Can anybody enlighten me as to why there appears to be such a large variation in the life expectancy of laser tubes?
I have a 25 watt Epilog that is over 10 years old (1998), has been solidly used and which still appears to give the same output as when I got it in 1999. I also have a 3 year old GCC 25 watt that is still using the same settings as when new. However, I often read on this forum of tubes only lasting a year or two (or less).
What factors affect tube life? Mine are often run at 100% power for hours on end with no apparent detriment. Is ambient temp a factor in longevity? - heat doesn't seem to be a large factor with mine as they have often been run continuously in temps of 35C+. Is it "clean" power?
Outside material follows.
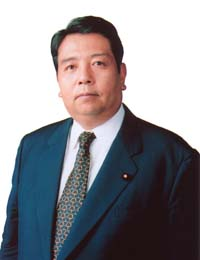 Seiichirō Murakami was inaugurated as Minister of State for Regulatory Reform on September, 2004.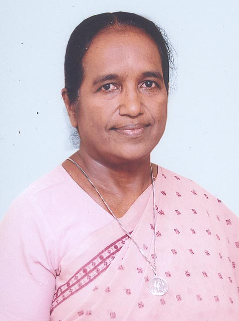 Sister Avelin Mary OSMDepicted person: Avelin Mary – Indian marine biologist

My GCC has lots of regulation but the Epilog has always been straight off the switch.

Does anybody know?

Bob,

I think you'll find that most of the tubes failing after a year or two are cheap glass tubes from Asia. The higher quality RF units do still fail from time to time, but that's usually due to a failed RF board (also often easily repaired by someone skilled with a soldering iron).

Hi Bob,
Here is my non technical sales rep explanation and I will get further clarification from laser engineers.
From a technical standpoint, keeping a laser tube in constant use actually helps extent the life to some level. There are 2-types of excitation methods for the sealed tube CO2's. RF excited and DC excited.
[LEFT]
DC is very old, glass tube technology that does not have a life longer than about 700 hrs max. They are cheap but the quality is not very good typically, if you want to process at any fast rate of speed. The fill in the space lasers in the market now mostly use this type of laser, which is why the prices of the machines are so low.

RF excited tubes are the more recent (though it is at least 15 years on the market). These would be the Synrad, Coherent, ULS types. Much better quality, much more reliable and of course more expensive to manufacturer. Hene the machine price is higher also.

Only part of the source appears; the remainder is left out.